Students Opt for Experience Before Turning Entrepreneurs

VIJAYAWADA: Most of the engineering graduates are preferring to join corporate companies to acquire skills and gain some work experience before setting up their own industries. This is because they are averse to implementing their start-up ideas without any experience.

“My aim was to set up a company of my own and run it sccessfully, but practically it would not have been possible due to my lack of experience.

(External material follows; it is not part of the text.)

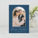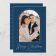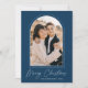 Carte de Noël moderne avec votre photo verticale encadrée par un arc pointillé avec un arrière - plan bleu foncé (ou couleur de votre choix). "Joyeux Noël" s'affiche en écriture de script blanc tendance. Personnalisez le recto de la carte en ajoutant le nom de votre famille et l'année. La carte inverse pour afficher un motif de ligne pointillée blanche.

Some of my friends are now working as employees after their inexperienced start-up ideas have failed,” said K Mahendra Reddy, a EEE third-year student of the MIC Institute of Engineering and Technology.

Explaining that the number of students opting for the campus placements is more than the number of those directly going for entrepreneurship, Surendra, head of the Placement Cell in the NRI Group of Educational Institutions, said that the students were cautious about straightaway going for start-up ventures as that involved potential financial and other risks.

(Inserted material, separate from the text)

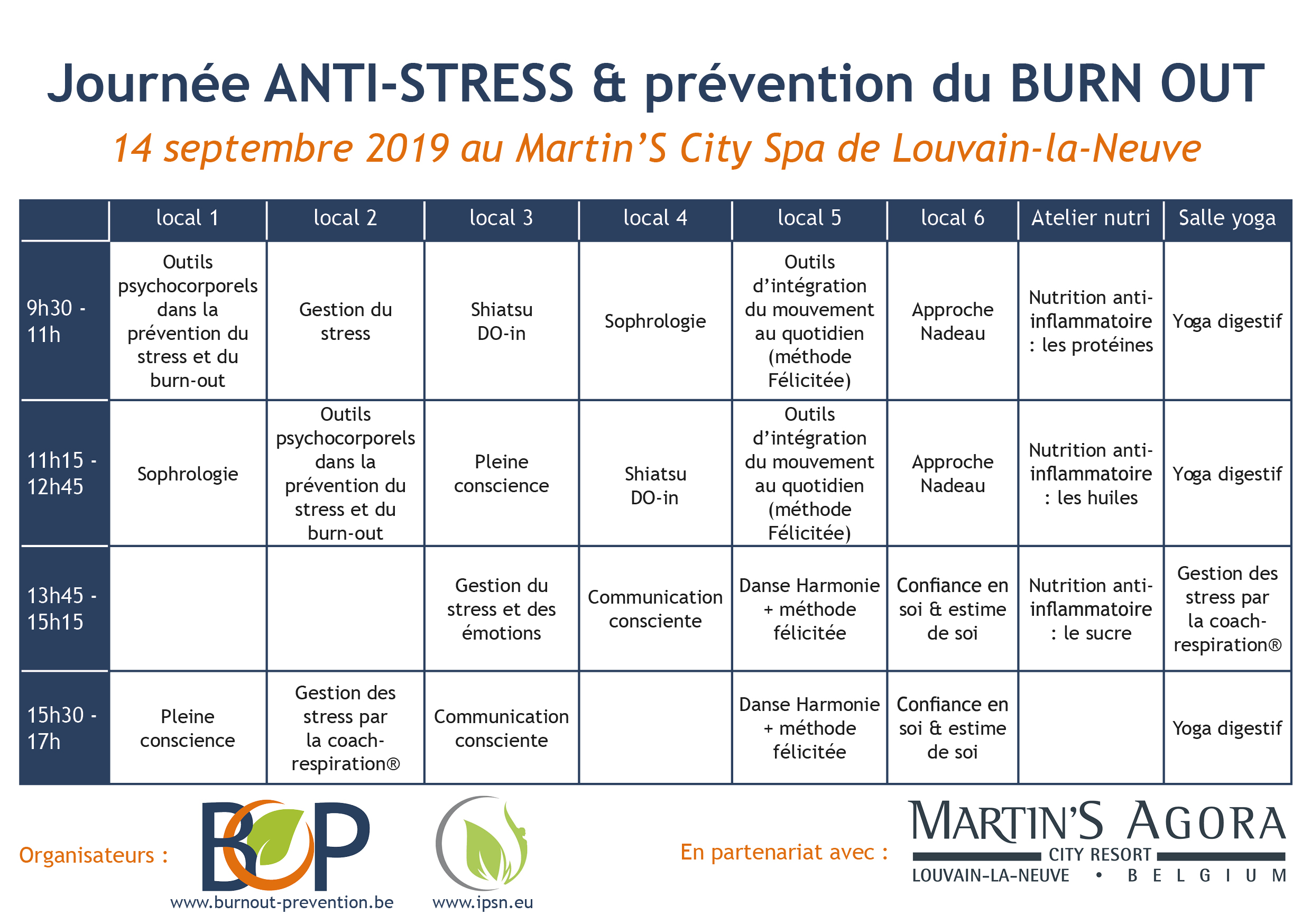 Pour faire suite aux conférences de la « Journée Anti-stress » du 25 mai 2019, nous vous proposons le 14 septembre 2019 à Louvain-la-Neuve en Belgique une journée entière d’ateliers pratiques qui vous permettront d’expérimenter différentes méthodes pour apprivoiser votre stress et vos émotions :

“So, most of the students are taking time to gain some industrial knowledge and work experience as employees after their graduation before raising capital investments for starting their own companies,” he added.

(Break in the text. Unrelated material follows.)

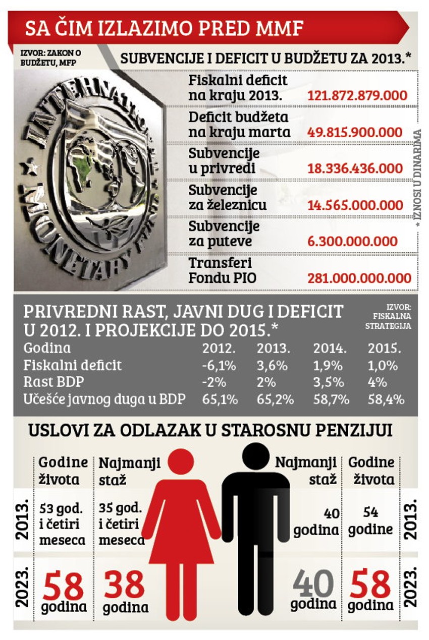Osim toga, srpski pregovarači će morati da uvere misiju MMF-a da će deficit uspeti da održe ispod četiri odsto BDP u ovoj godini i da započnu pripreme za reformu državne administracije, obrazovanja i zdravstva, koja bi uključila i otpuštanje viška zaposlenih.
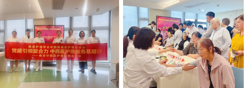活动二:南京护理学会中西医结合护理专业委员会品牌项目“南京中西医护理服务志愿队”,持续推进党建服务活动,于9月9日走进南京医科大学第二附属医院,开展“中西医结合特色联合科普活动”,让群众近距离体验现代科技与传统文化的激情碰撞。主要内容包括:科普宣教、中西医结合义诊、微生态人类菌脉会客厅参观。此次活动,不仅让广大群众享受到优质的医疗护理服务及中医药文化魅力,更了解到现代医疗科技的发展正在加速前进,科技创新将突破更多的医疗瓶颈,为更多更复杂的患者带来康复的希望。活动由专委会委员7人参与,受众百姓50余人。

Meanwhile, the students feel that entrepreneurship is not an easy thing to do, as they need to acquire the management skills also besides technical skills. “Blindly following the start-up idea will have the maximum chances of failure.

Unless we know the basics and have some work experience, it is not easy to head a company and deal with hundreds of employees,” said P Sri Durga, a final-year engineering student who was recently selected to work in an IT firm in a campus recruitment drive.

Experts opine that the engineering students opting for jobs before starting their own companies is a good choice and add that parental pressure on them to take up jobs rather than starting their own companies is one of the main reasons for the students’ opting for jobs.

“Parents always want their children to be in high positions. Many fear that the success of a new venture set up by the freshers will have more chances of failure. However, they feel that if their wards acquire some work experience before setting up their own companies, then their chances of success will be more than failure”, said KRSR Krishna, Vice-president of Petrofac-Chennai.

However, there are some students who are continuing in the corporate jobs that they have landed during the campus recruitment drives though as students they had wanted to become entrepreneurs. “Due to the good salaries and incentives being offered by the companies, they don’t want to take the risk of quitting the jobs and open industries with an uncertain future,” said Krishna.